◆ **What to do**:
Line by line, give the data again exactly as it appears, but without pictures.

[Dataset items]
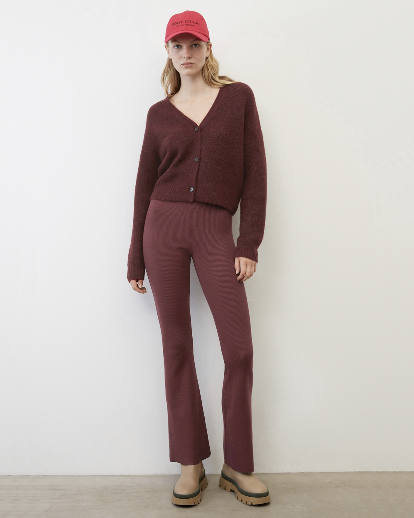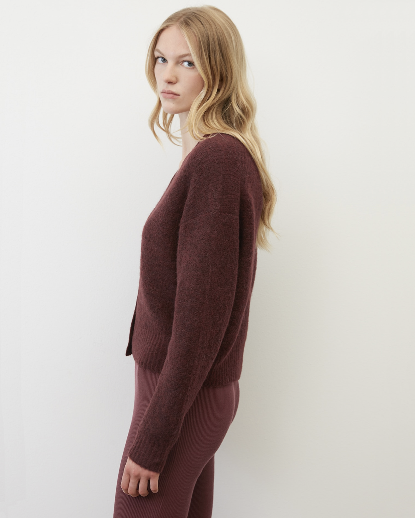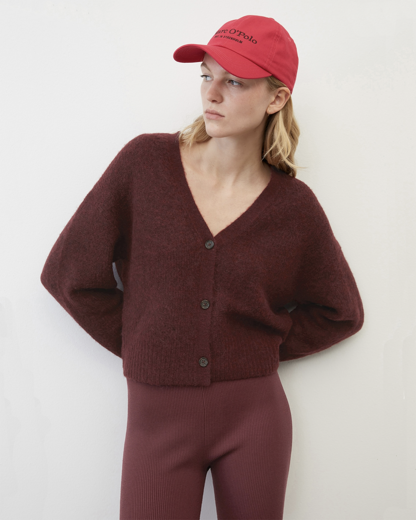 Укороченный кардиган Marc O'Polo винного цвета в текстурную строчку. Модель с V-образным вырезом и застежкой на три пуговицы. Спущенная линия плеча с широкими рукавами создает уютный и комфортный образ. Стильный кардиган можно сочетать с футболкой, топом, рубашкой, блузой, водолазкой, платьем, юбкой и брюками.
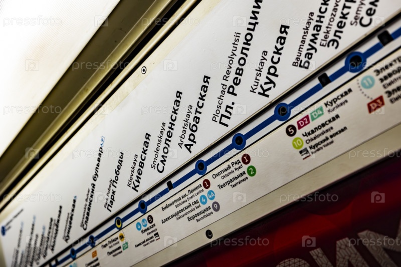 Фрагмент схемы Московского метрополитена с названиями станций и пересадками
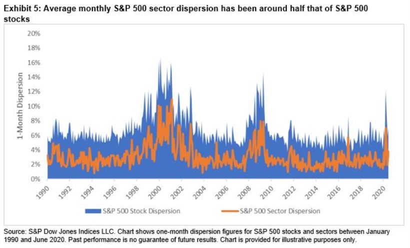 As a result, although the S&P 500 has been unperturbed by election outcomes, historically, evidence suggests it may be worthwhile to consider the potential benefits of using sectors to express views. Indeed, not only can picking sectors offer around half the potential value of stock-picking – Exhibit 5 shows that the average monthly S&P 500 sector dispersion (3.08%) was around half the average S&P 500 stock dispersion (6.77%) – but S&P 500 sectors have offered greater capacity for investors looking to express views.
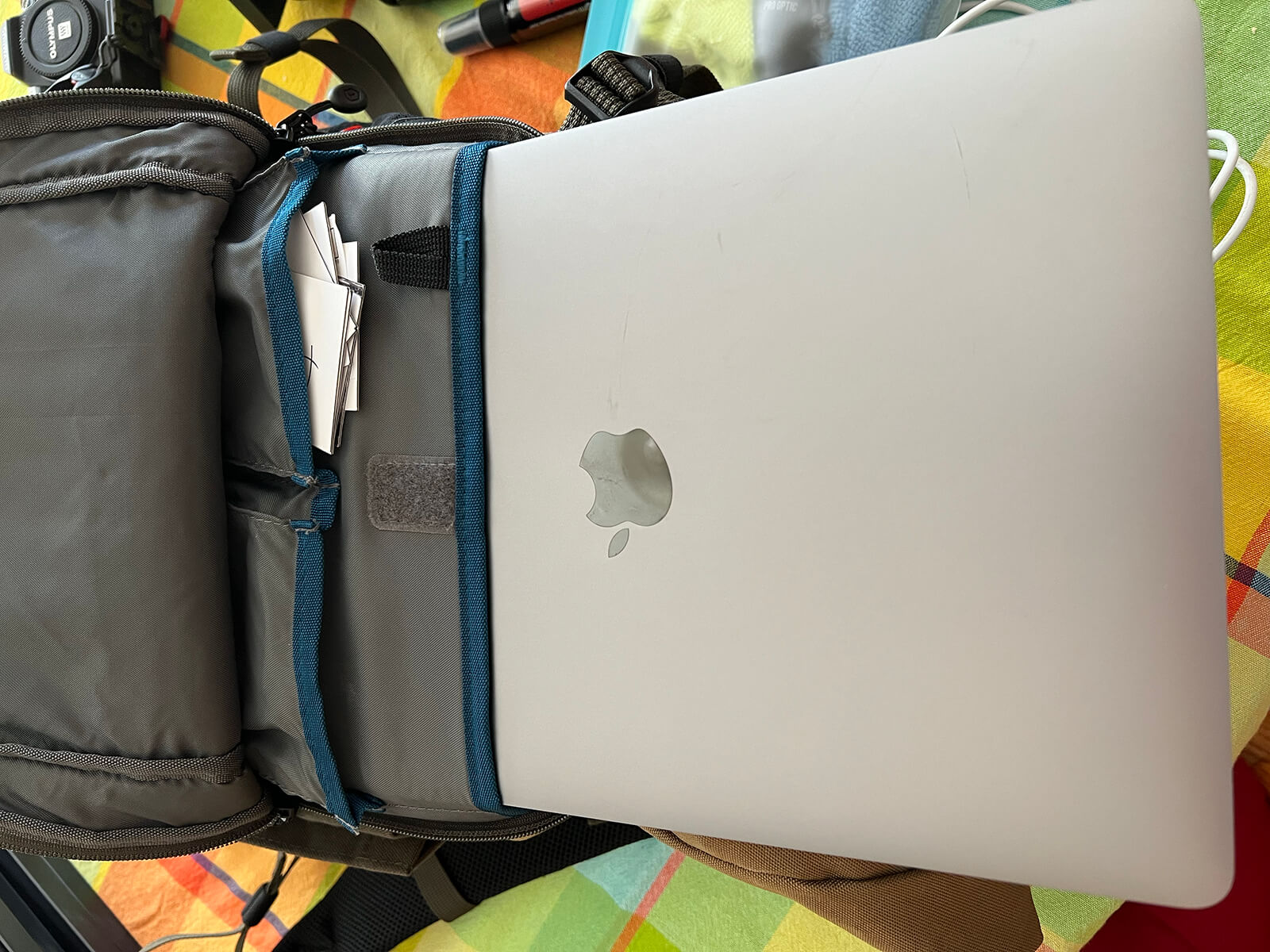 The smaller size forced me to keep my gear in check. The camera compartment rests against your back, making it more difficult to be tampered with when you are in a crowd. It has a compartment for a 13″ laptop or tablet. I was not sure about the roll top but it did work out well for me. I was able to tighten it down once I had items packed. As an aside, the side compartment will fit a full-size tube of Pringles Crisps!
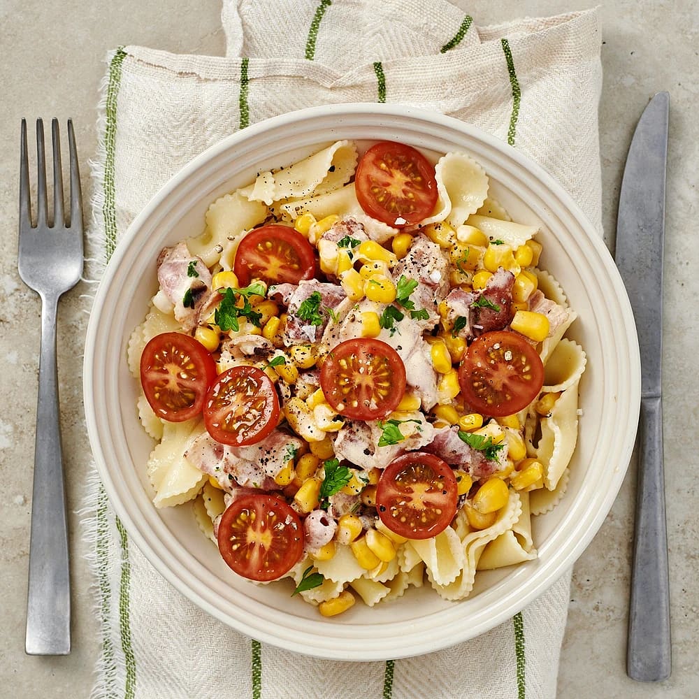 Baconpasta med tomat och majs

◆ **Expected answer**:
 Укороченный кардиган Marc O'Polo винного цвета в текстурную строчку. Модель с V-образным вырезом и застежкой на три пуговицы. Спущенная линия плеча с широкими рукавами создает уютный и комфортный образ. Стильный кардиган можно сочетать с футболкой, топом, рубашкой, блузой, водолазкой, платьем, юбкой и брюками.
 Фрагмент схемы Московского метрополитена с названиями станций и пересадками
 As a result, although the S&P 500 has been unperturbed by election outcomes, historically, evidence suggests it may be worthwhile to consider the potential benefits of using sectors to express views. Indeed, not only can picking sectors offer around half the potential value of stock-picking – Exhibit 5 shows that the average monthly S&P 500 sector dispersion (3.08%) was around half the average S&P 500 stock dispersion (6.77%) – but S&P 500 sectors have offered greater capacity for investors looking to express views.
 The smaller size forced me to keep my gear in check. The camera compartment rests against your back, making it more difficult to be tampered with when you are in a crowd. It has a compartment for a 13″ laptop or tablet. I was not sure about the roll top but it did work out well for me. I was able to tighten it down once I had items packed. As an aside, the side compartment will fit a full-size tube of Pringles Crisps!
 Baconpasta med tomat och majs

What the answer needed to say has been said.